Inspired

Last year I caught a documentary called A State of Mind made by VeryMuchSo Productions. This captivating film followed two young North Korean gymnasts for a year leading up to the Mass Games. These overwhelming yet highly dubious events require a cast of tens of thousands in a choreographed spectacular – the biggest and most elaborate human performance on earth. The training and rehearsals swamp the lives of anyone involved for months in advance of the shows before Kim Jong II and the Party.

There are a number of sequences in the film that, at first glance, appear to be enormous plasma screens or projections of a slightly crude animation. This intriguing technology was not explained until later on: each ‘pixel’ is indeed an individual holding a book with different coloured blank pages.
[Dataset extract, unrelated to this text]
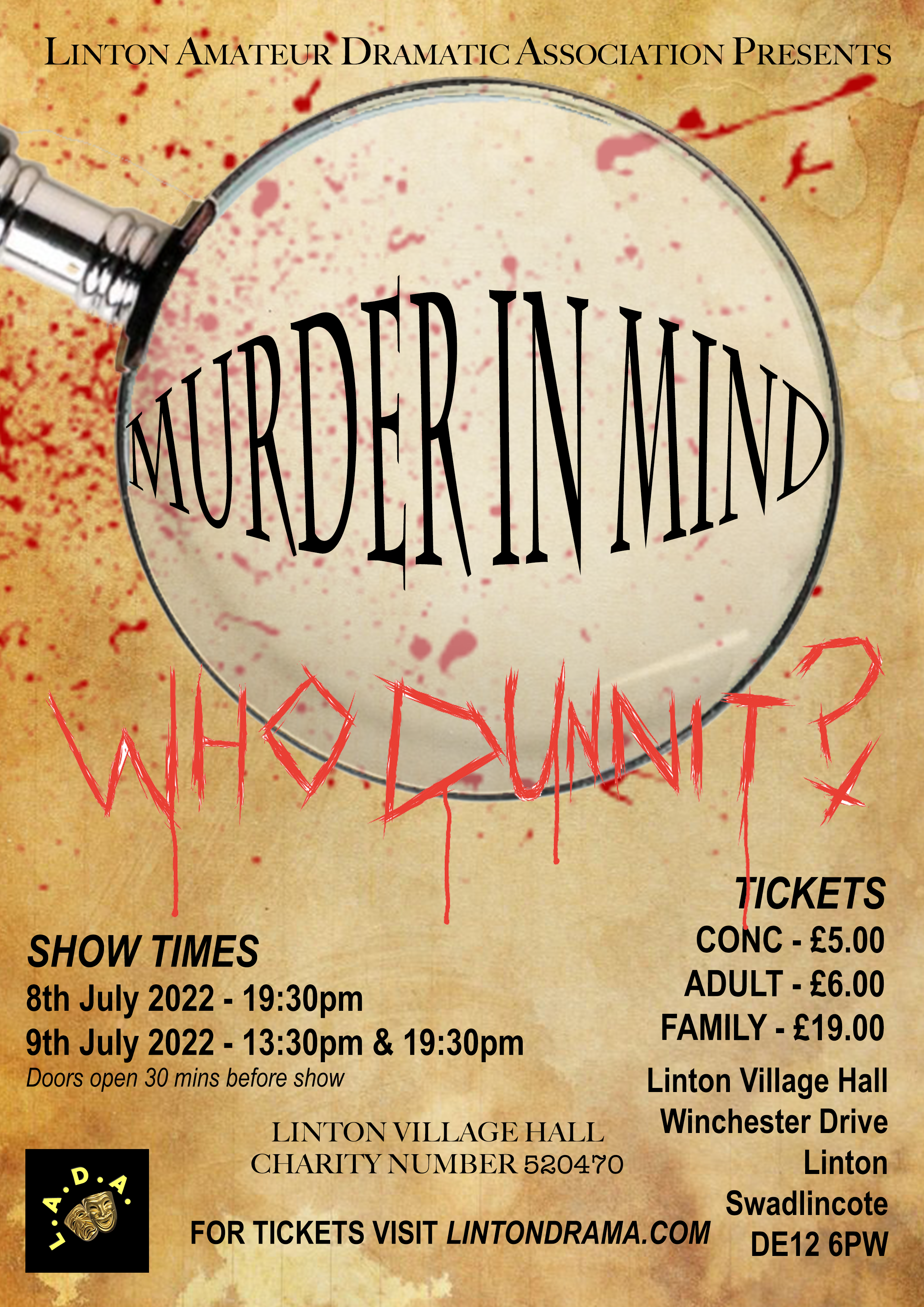 Set in an amateur theatre Murder in Mind is a classic Whodunnit. A group of actors are trying to decide what play to perform next when strange things start to happen. With a murder in their midst will they survive the night?
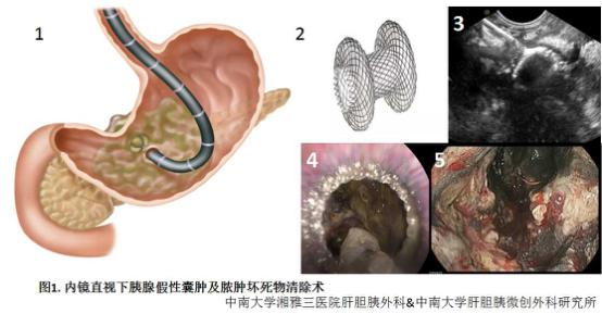 针对该难题,我院肝胆胰外科在省内率先开展了腹腔镜下腹膜后胰腺坏死物清创引流术(2009年开展湖南省首例)、超声内镜引导下胰腺假性囊肿内引流术(2012年开展湖南省首例,并获得中南大学医疗成果奖),积累了丰富经验,并建立了不同引流术式的病人个体化选择标准。

On command each participant opens the appropriate spread in a split moment with enviable finger dexterity, thus creating an enormous dramatic animated backdrop. These moments in the documentary are truly spectacular and undoubtedly one of the most inspiring images I have ever seen. To roll out such a low-fi mechanism en masse and so efficiently is truly remarkable – and not a single computer in sight.

This fantastic human backdrop inspired a piece of work we are currently developing for a restaurant – Burn – opening in London later this year. We are adopting some charmingly outdated technology – flapper boards – once upon a time found in many of Britain’s train stations. Each flap will perform like a single pixel to create a dynamic image taking a direct feed from a series of cameras both inside the restaurant and in the space outside.